**About this task**
Every line of the listing below from the one with "もちろん、隊員のみんなも初挑" up to and including the one with "在团课上,同学们积极分享了在" should be retyped exactly, and nothing else; pictures are not part of the copy.

**Record excerpts**
○ ○ ○ ○

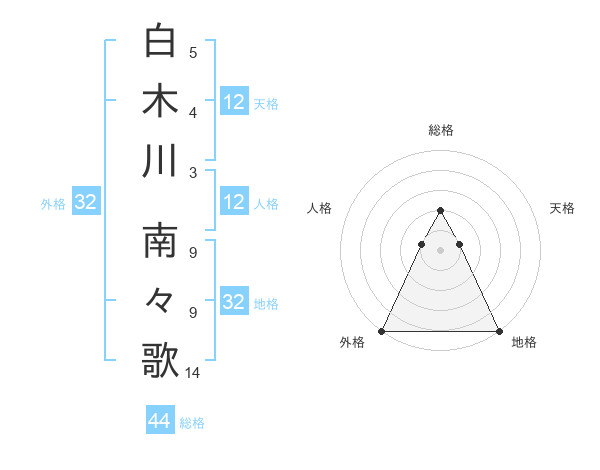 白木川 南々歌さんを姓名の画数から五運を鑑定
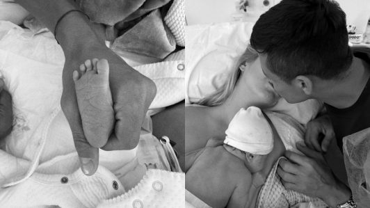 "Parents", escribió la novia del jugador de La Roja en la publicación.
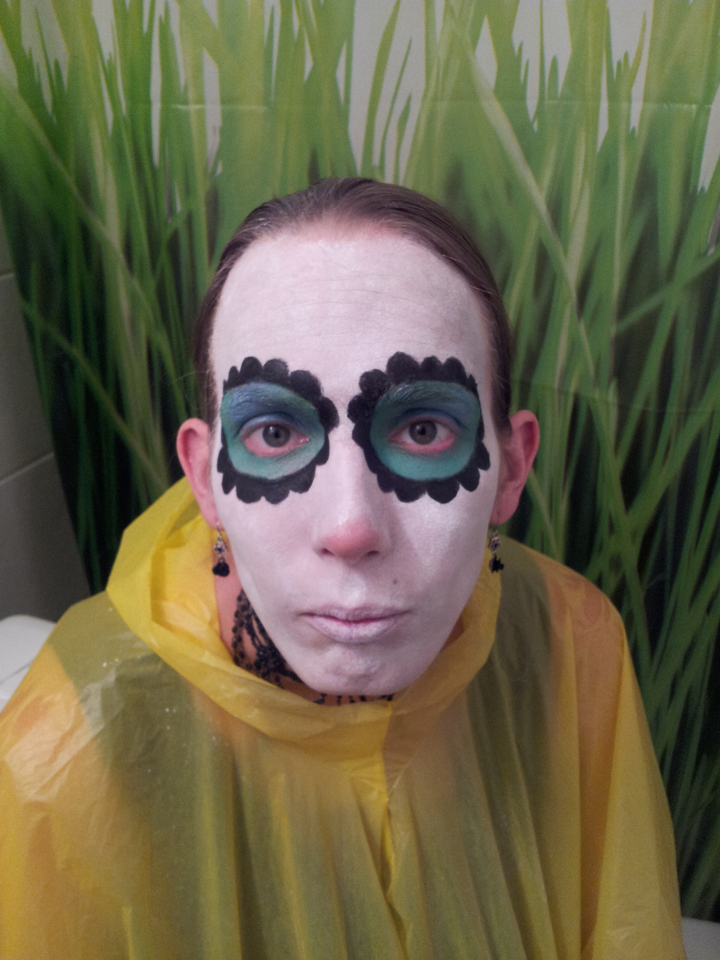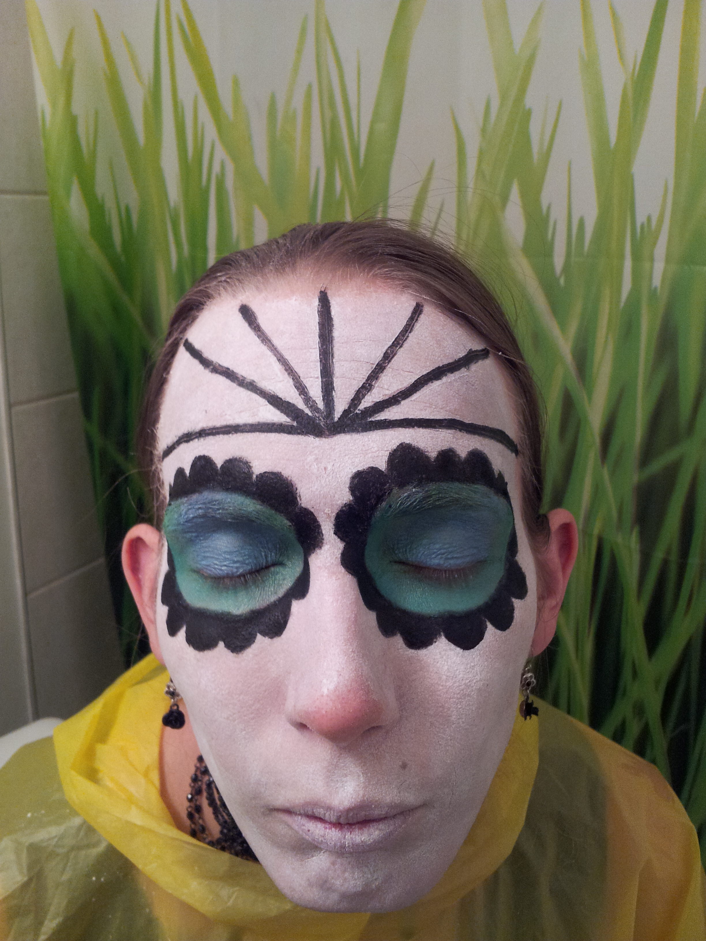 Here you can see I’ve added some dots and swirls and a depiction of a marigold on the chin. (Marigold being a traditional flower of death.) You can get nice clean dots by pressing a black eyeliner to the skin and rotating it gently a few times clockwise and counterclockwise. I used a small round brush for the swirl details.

○ ○ ○ ○

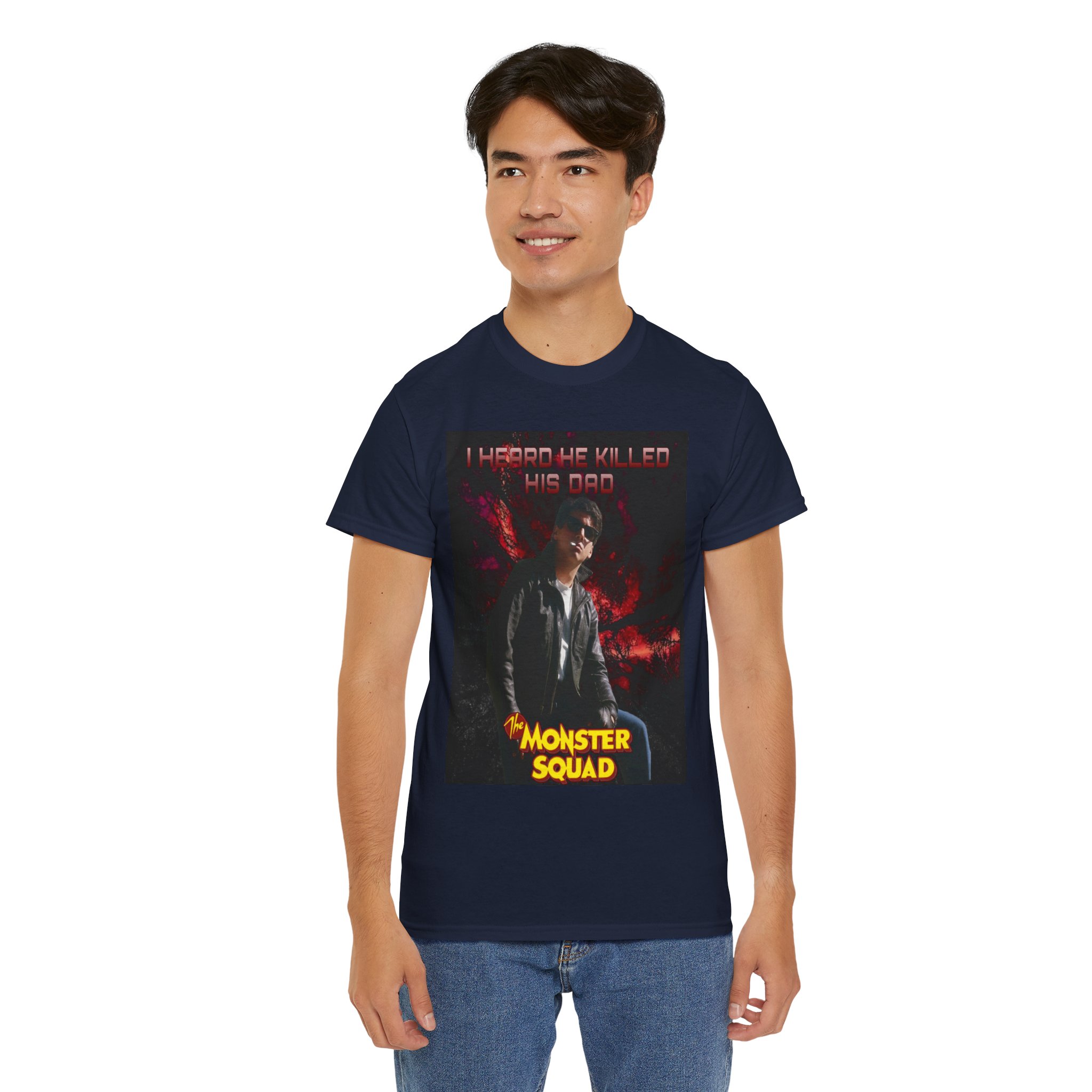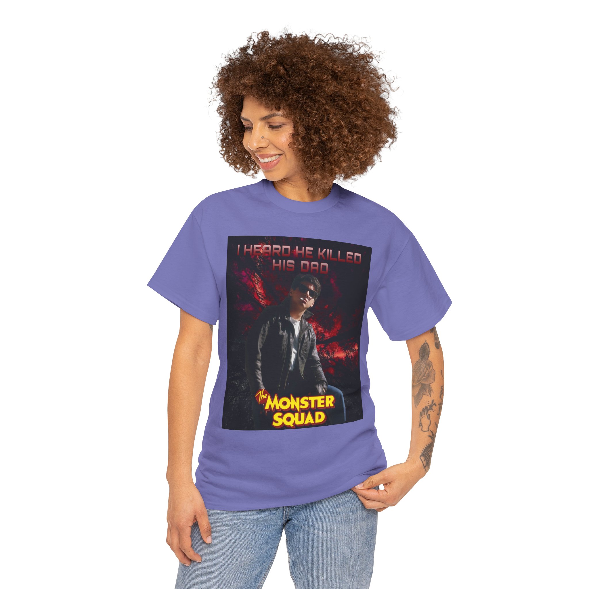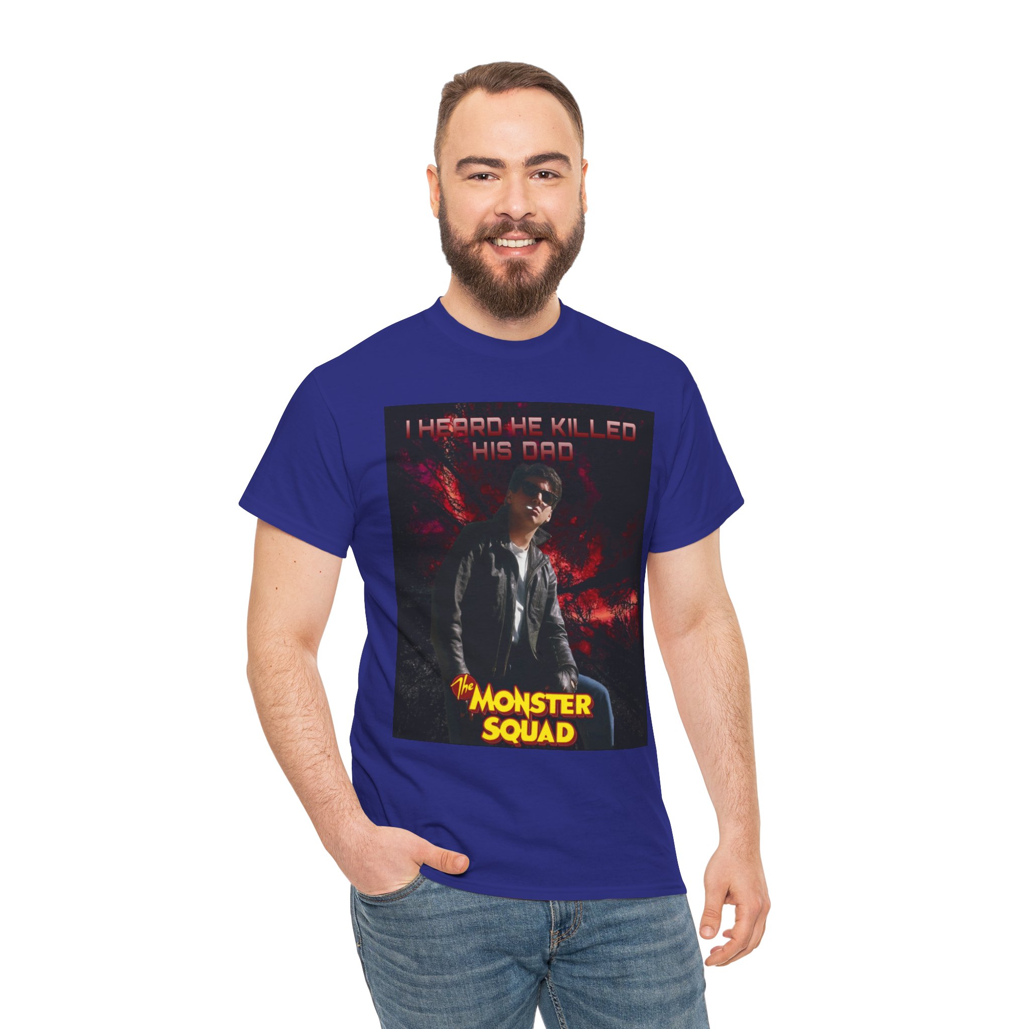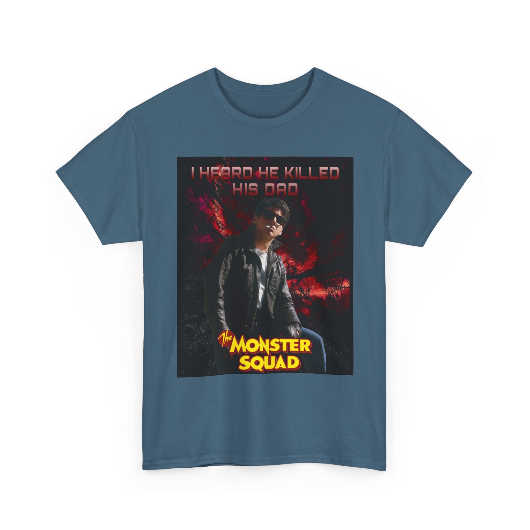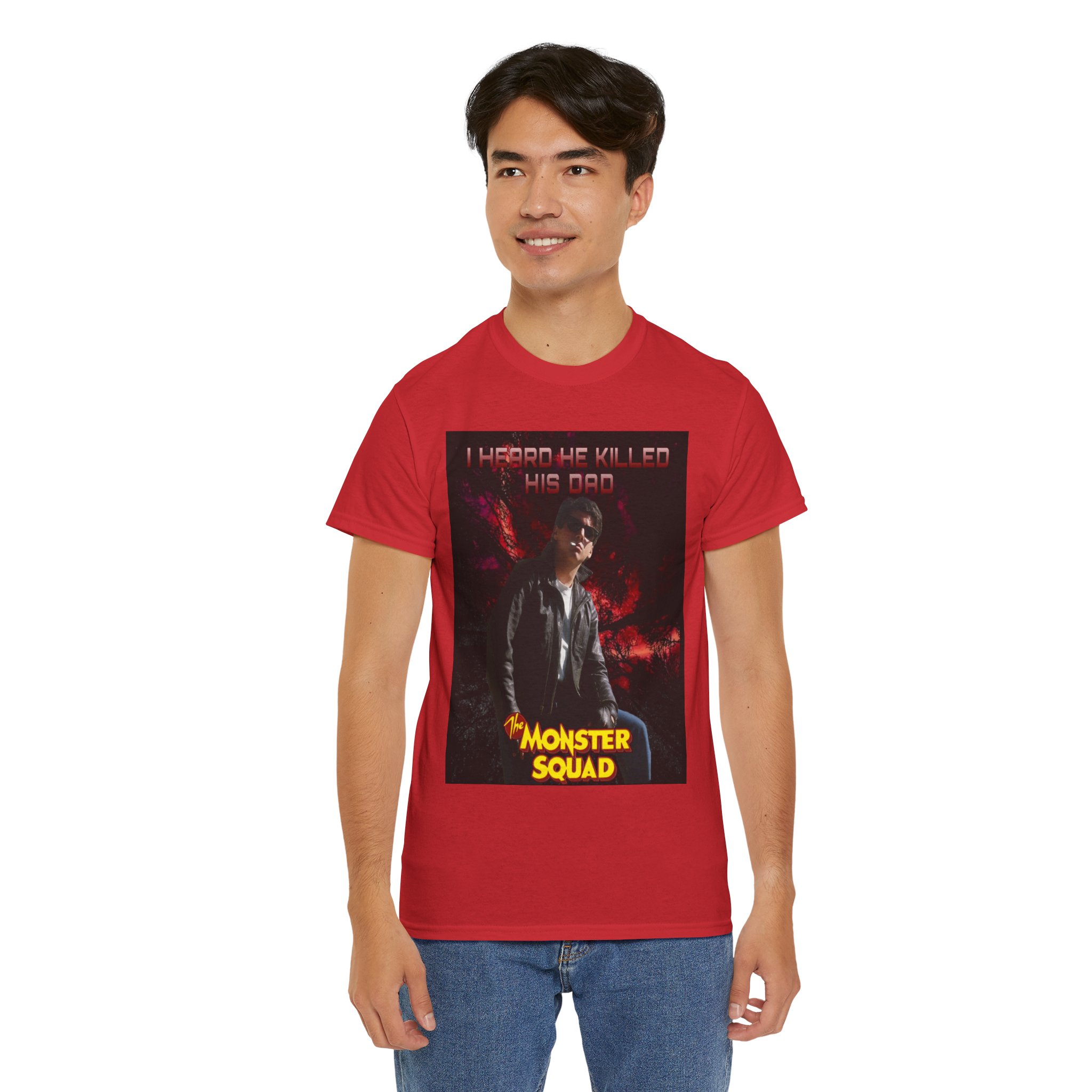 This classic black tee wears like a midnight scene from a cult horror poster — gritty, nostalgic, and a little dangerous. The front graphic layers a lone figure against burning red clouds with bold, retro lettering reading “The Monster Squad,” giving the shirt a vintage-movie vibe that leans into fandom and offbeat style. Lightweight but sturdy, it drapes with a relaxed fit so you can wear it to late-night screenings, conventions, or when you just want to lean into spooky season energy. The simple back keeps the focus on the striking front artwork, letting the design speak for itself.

○ ○ ○ ○

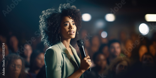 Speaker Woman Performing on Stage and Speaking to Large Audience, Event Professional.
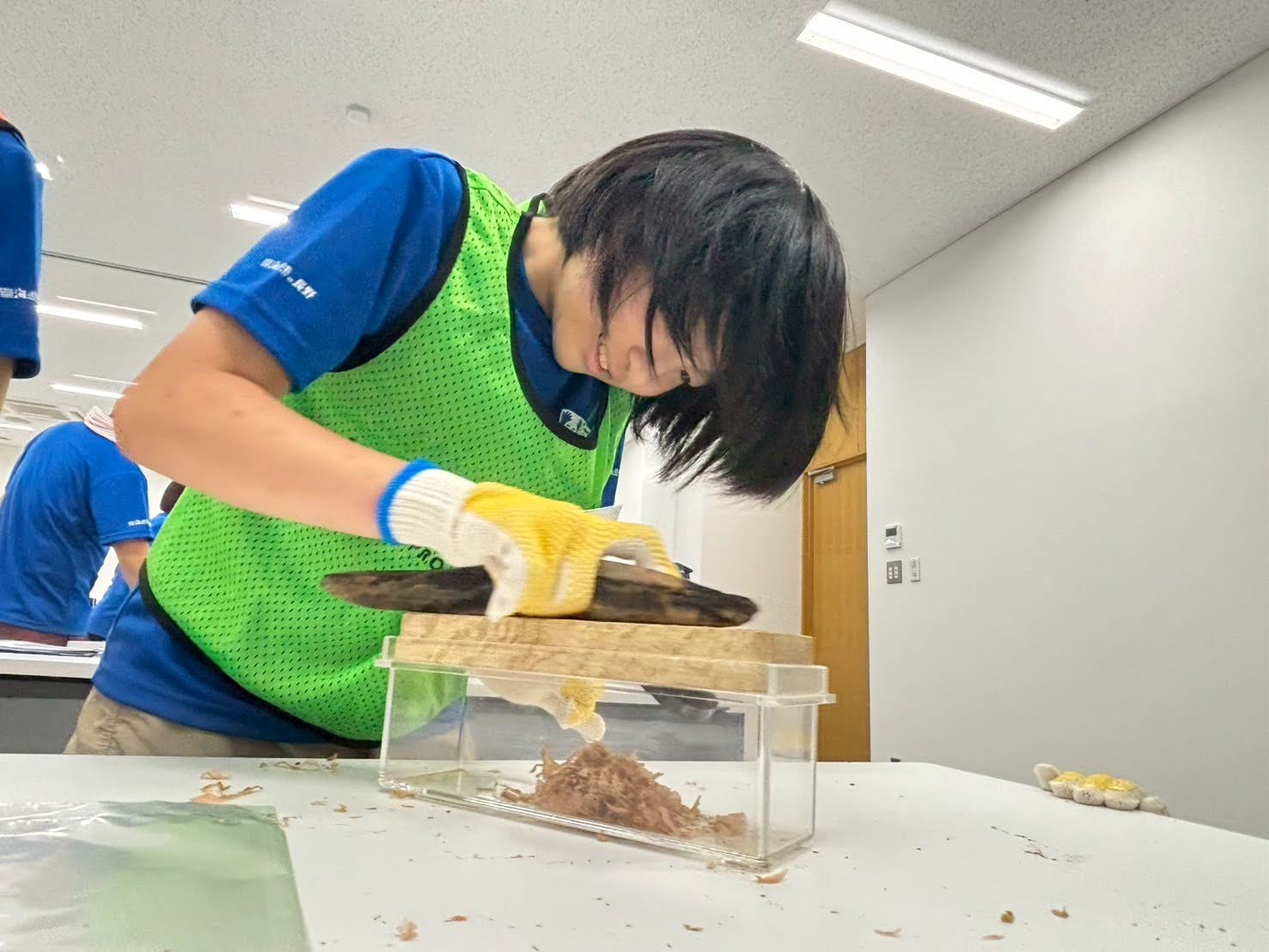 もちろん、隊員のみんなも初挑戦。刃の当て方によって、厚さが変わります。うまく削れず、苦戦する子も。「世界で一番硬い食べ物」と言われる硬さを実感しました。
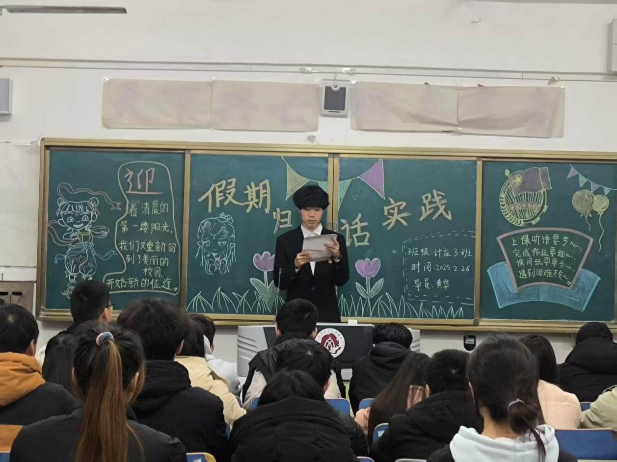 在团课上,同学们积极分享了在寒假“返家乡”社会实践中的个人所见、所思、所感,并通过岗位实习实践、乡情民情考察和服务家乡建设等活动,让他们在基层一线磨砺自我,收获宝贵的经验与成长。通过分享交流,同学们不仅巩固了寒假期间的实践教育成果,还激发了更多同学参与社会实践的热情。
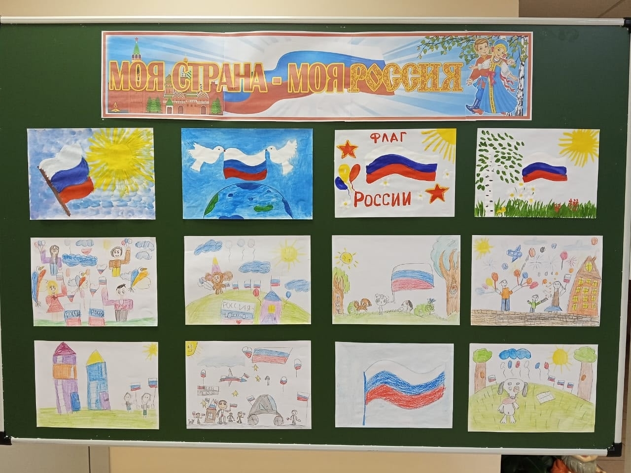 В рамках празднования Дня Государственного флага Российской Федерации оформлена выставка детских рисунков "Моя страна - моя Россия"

○ ○ ○ ○

**Written answer**
 もちろん、隊員のみんなも初挑戦。刃の当て方によって、厚さが変わります。うまく削れず、苦戦する子も。「世界で一番硬い食べ物」と言われる硬さを実感しました。
 在团课上,同学们积极分享了在寒假“返家乡”社会实践中的个人所见、所思、所感,并通过岗位实习实践、乡情民情考察和服务家乡建设等活动,让他们在基层一线磨砺自我,收获宝贵的经验与成长。通过分享交流,同学们不仅巩固了寒假期间的实践教育成果,还激发了更多同学参与社会实践的热情。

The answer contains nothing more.